----- Information -----

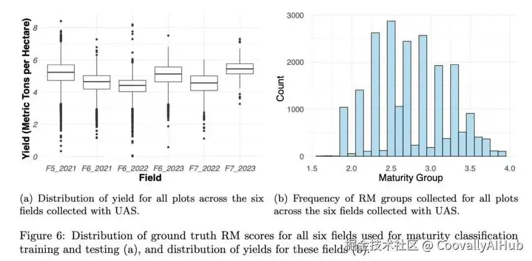 我们的数据包括1.6 - 3.9之间的地面实况RM评级。每块田的平均产量为 5.15 MTH(公吨/公顷),其中2021 F5田为0.33-8.41MTH,2021 F6田为4.55 MTH,范围为1.14-7.27 MTH,2022 F6田为4.34 MTH,范围为0.01-8.19 MTH。 2022 F6 油田为4.34 MTH,范围为0.01-8.19 MTH;2022 F7油田为4.50 MTH,范围为 1.12-6.03 MTH;2023 F6油田为5.05 MTH,范围为0.58-7.51 MTH;2023 F7油田为5.43 MTH,范围为3.26-7.30 MTH。图6显示了所有六个油田的RM评级和产量分布。
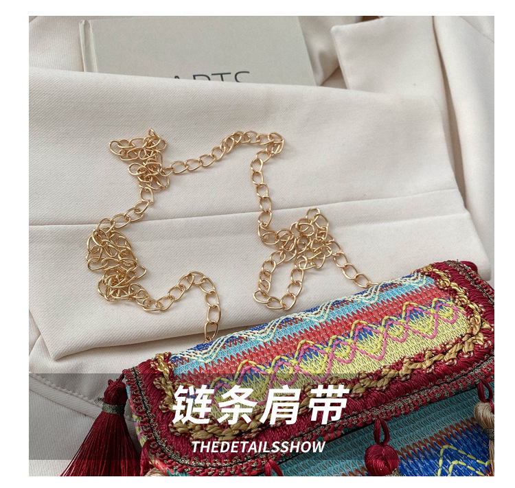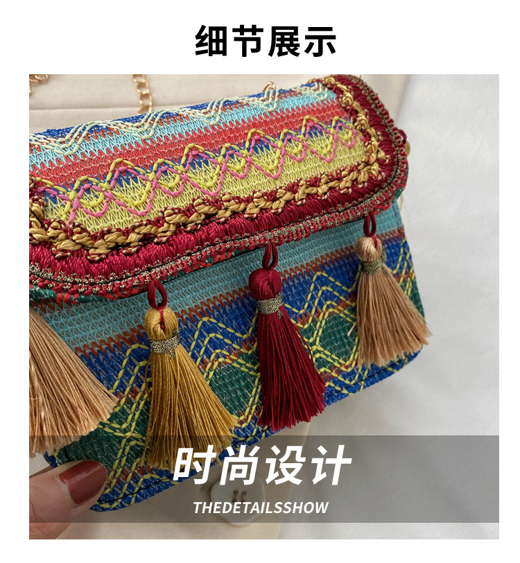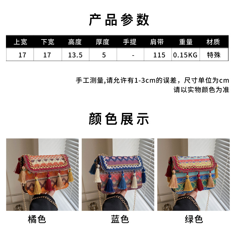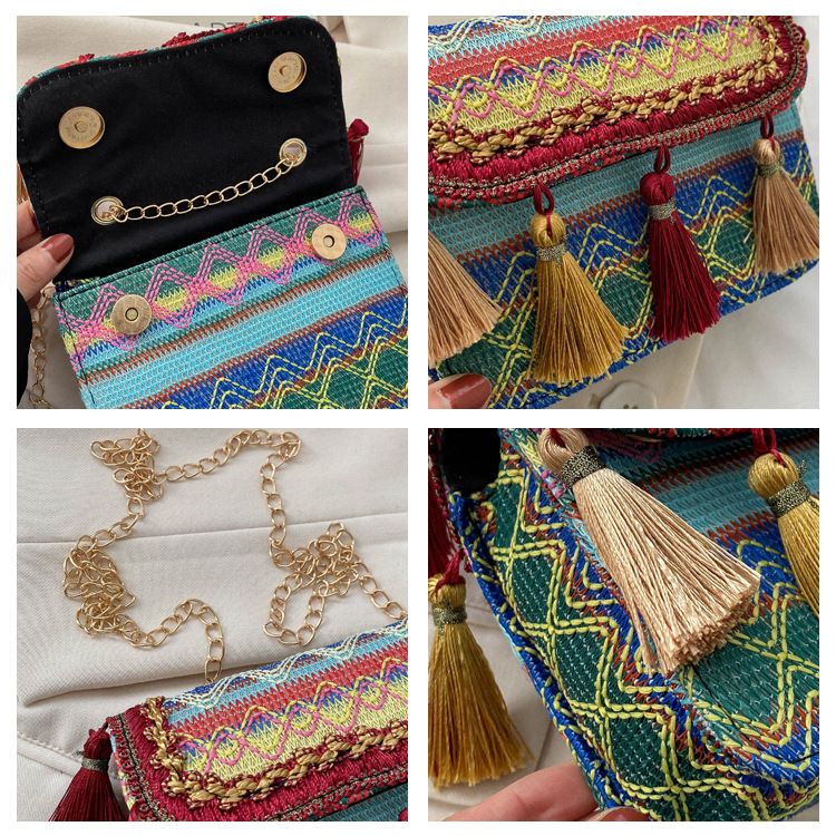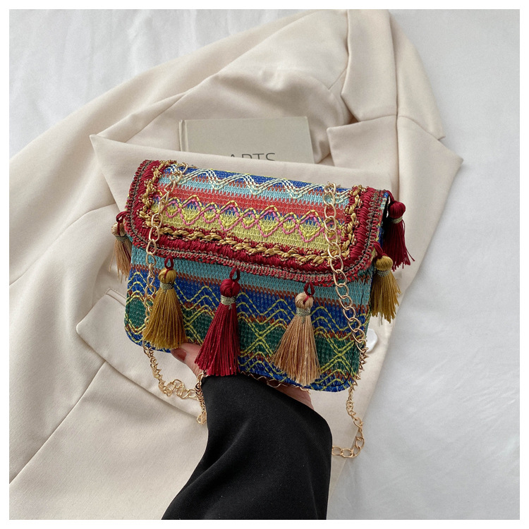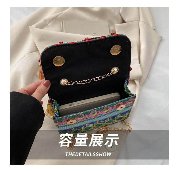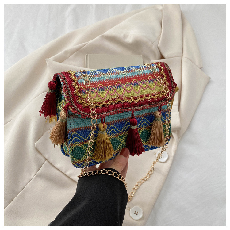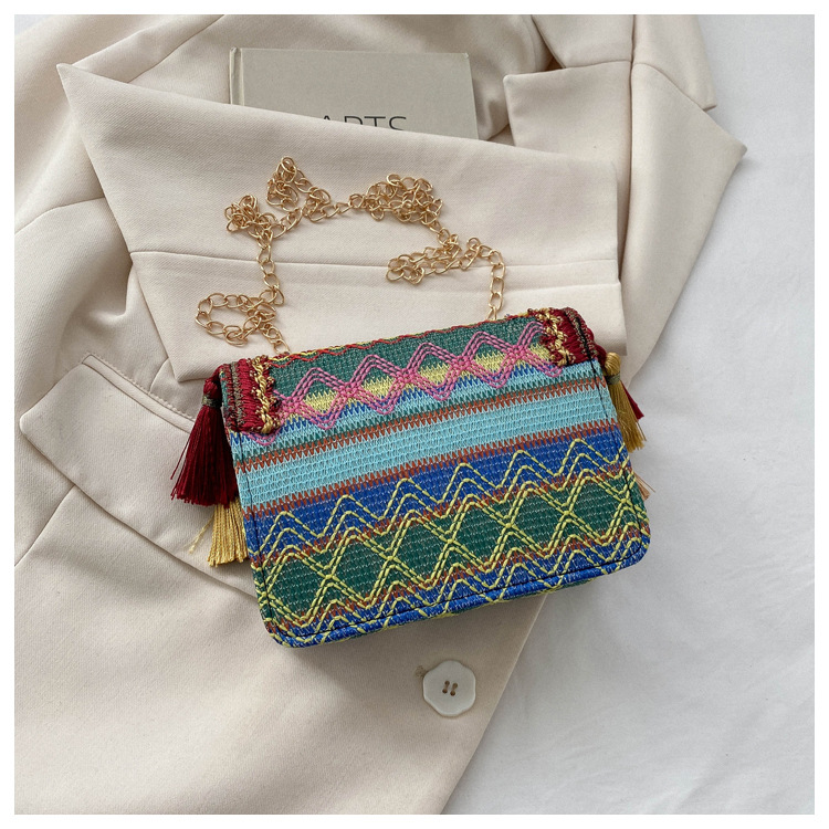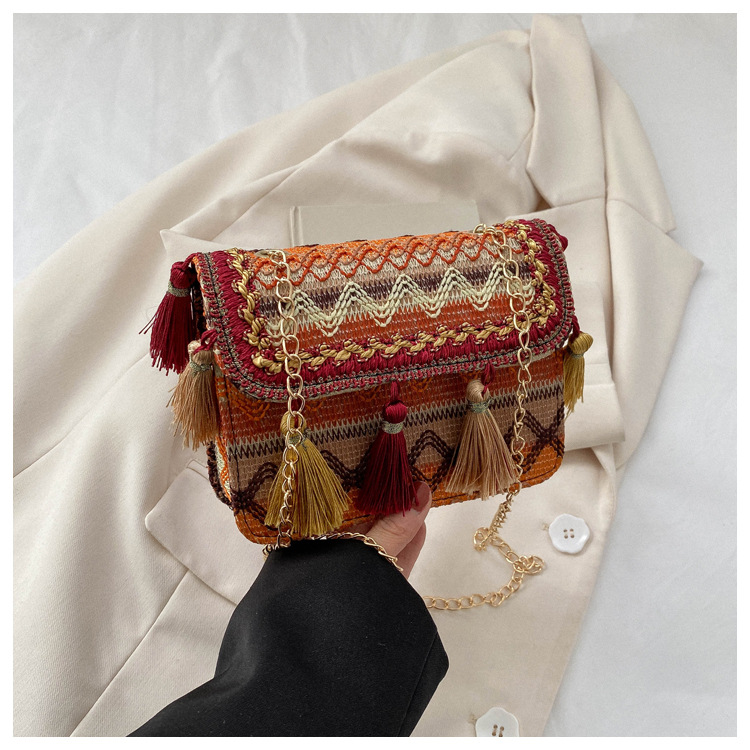 어깨 가방 여성 가방 2024 새로운 체인 어깨 가방 여성 민족 스타일 술 작은 광장 가방 개인화 된 크로스 바디 백 국경스토어 가기
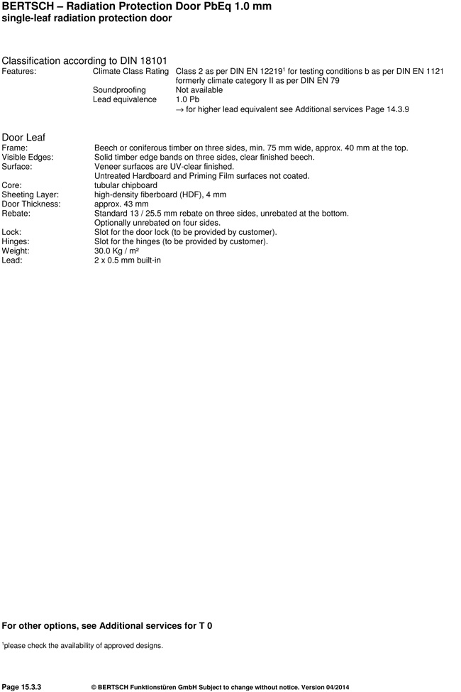 BERTSCH – Radiation Protection Door PbEq 1.0 mm
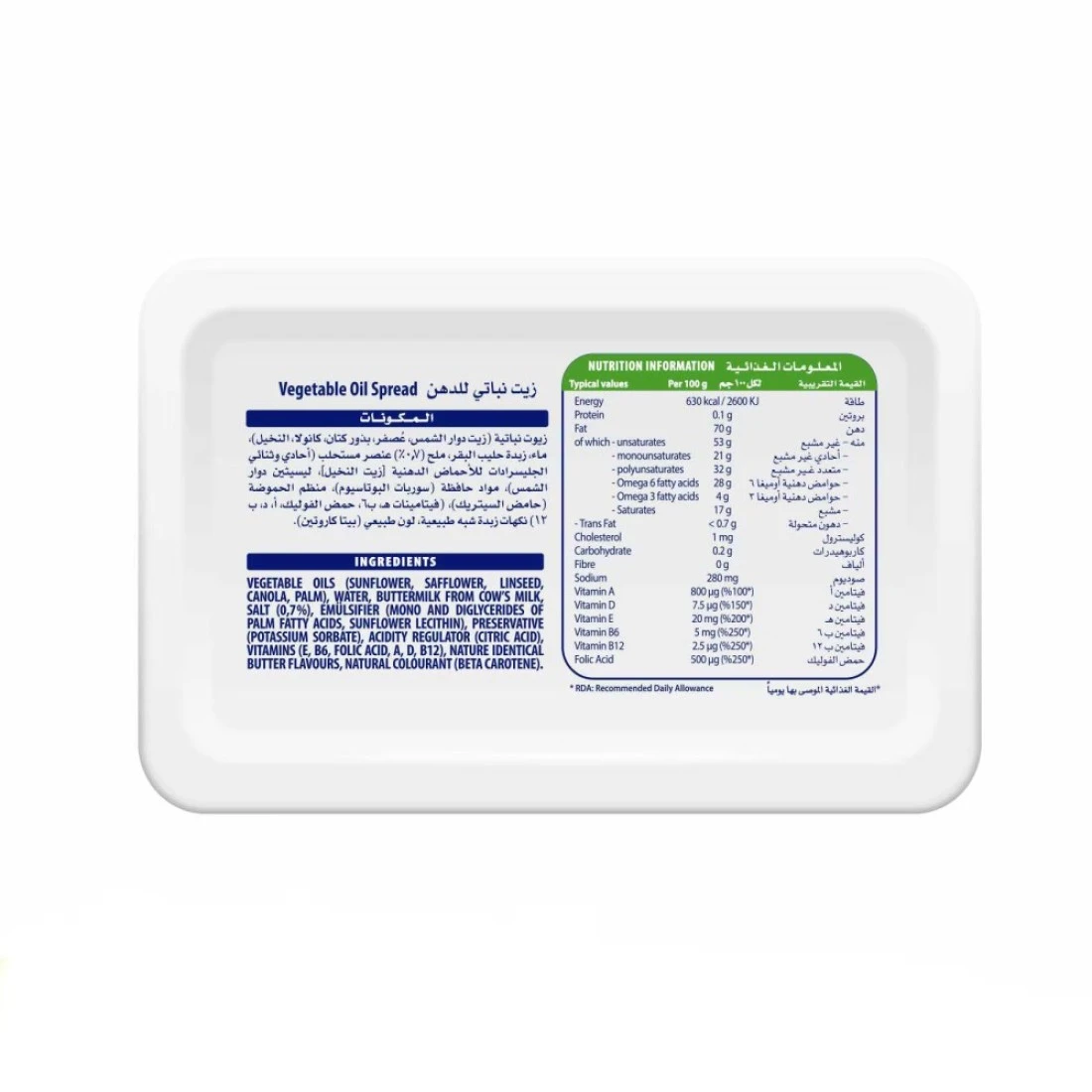 ingredients : زيت نباتي (زيت عباد الشمس، القرطم، بذر الكتان، نخيل الكانولا)، ماء، زبدة حليب من حليب البقر، ملح (0.7%) مستحلب (أحادي ومتعدد الجليسريدات من زيت الأحماض الدهنية، نواة النخيل، ليسيثين عباد الشمس)، مواد حافظة (سوربات البوتاسيوم) (حمضية). ، حمضي، حمضي، حمض الستريك)، (فيتامينات هيبا، حمض الفوليك، أ، د)، نكهات الزبدة الطبيعية
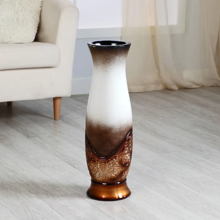Ваза напольная «Патаянс», 16×59 см, d внутренний 13 см, керамика, бело-коричневая — Характеристики
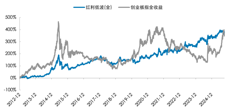 红利低波指数与创业板指的长期累计收益比较(全收益)
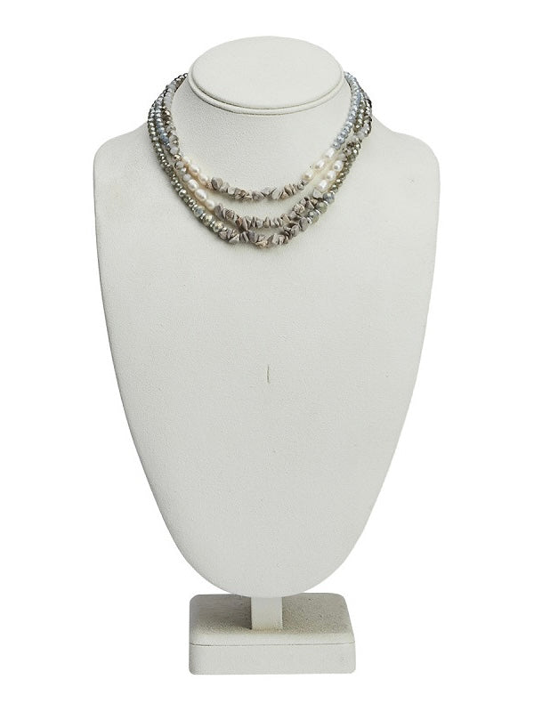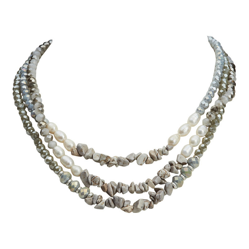 Dekorative Halskette mit 3 Kettensträngen in kurzer Form. Aus unterschiedlichen Schmucksteinen, Glasperlen und Muschellteilchen gefertigt. Nickelfrei. Mit Verlängerungskettchen.
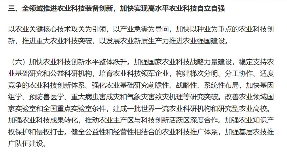 近日,中共中央、國務院印發的《加快建設農業強國規劃(2024-2035 年)》在農業領域引發廣泛關注。該規劃明確指出,要全領域推進農業科技裝備創新,將加快實現高水平農業科技自立自強作為核心任務。
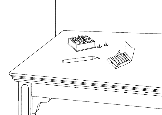 Đây là một bài kiểm tra điển hình về giải quyết vấn đề sáng tạo được phát triển bởi nhà tâm lý học Karl Duncker vào năm 1945. Các đối tượng nghiên cứu được đưa cho một cây nến, hộp đựng đinh bấm và một hộp diêm và được yêu cầu gắn cây nến sáng lên tường để nó không nhỏ giọt sáp lên chiếc bàn bên dưới. Thí nghiệm này kiểm tra tính cố định chức năng, xu hướng nhận thức gây khó khăn khi sử dụng các vật thể quen thuộc theo những cách bất thường.
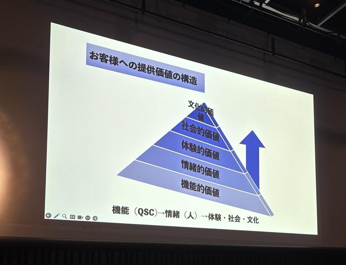 どれだけ社会的に意義のある取り組みをしていても、料理がまずく、接客が粗雑で、店内が不潔であれば、顧客はその店を選ばない。外食産業には、CSV経営の前提として、圧倒的な現場品質が求められる。狩野氏が示したのは「5つの価値の階層」だ。最も基底にあるのが「機能的価値」――QSC(クオリティ・サービス・クリーンネス)に代表される、飲食店としての基本的な品質だ。これを土台として、その上に「情緒的価値」が積み上がる。人と人との間に生まれる感情的なつながり、温かさ、居心地の良さといったものだ。さらに上には「体験的価値」がある。食事そのもの以外の、店に来ること全体の体験として記憶されるものだ。そしてその上に「社会的価値」が乗り、最終的に「文化的価値」へとつながっていく。
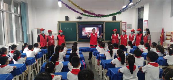 志愿者們首先來到了盤庚小學(xué)二年級(jí)五班,為孩子們送上了精神上的饕餮大餐。志愿者們?yōu)閷W(xué)生們帶來了《焦裕祿》《紅旗渠精神》《紅船》等一段段紅色故事。志愿者們講得精彩,孩子們聽得認(rèn)真。偌大的教室里學(xué)生聚精會(huì)神的聆聽。通過此次宣講,紅色精神在孩子們心中生根發(fā)芽,紅色血脈在孩子們身上流淌;紅色基因在孩子們腦海萌發(fā)茂盛。

-----

◆ Exercise aim
The lines to set down run from the line with "Dekorative Halskette mit" up to and including the line with "近日,中共中央、國務院印發的" in the entries above. Reproduce them exactly, with no pictures.

◆ Reply to the exercise
 Dekorative Halskette mit 3 Kettensträngen in kurzer Form. Aus unterschiedlichen Schmucksteinen, Glasperlen und Muschellteilchen gefertigt. Nickelfrei. Mit Verlängerungskettchen.
 近日,中共中央、國務院印發的《加快建設農業強國規劃(2024-2035 年)》在農業領域引發廣泛關注。該規劃明確指出,要全領域推進農業科技裝備創新,將加快實現高水平農業科技自立自強作為核心任務。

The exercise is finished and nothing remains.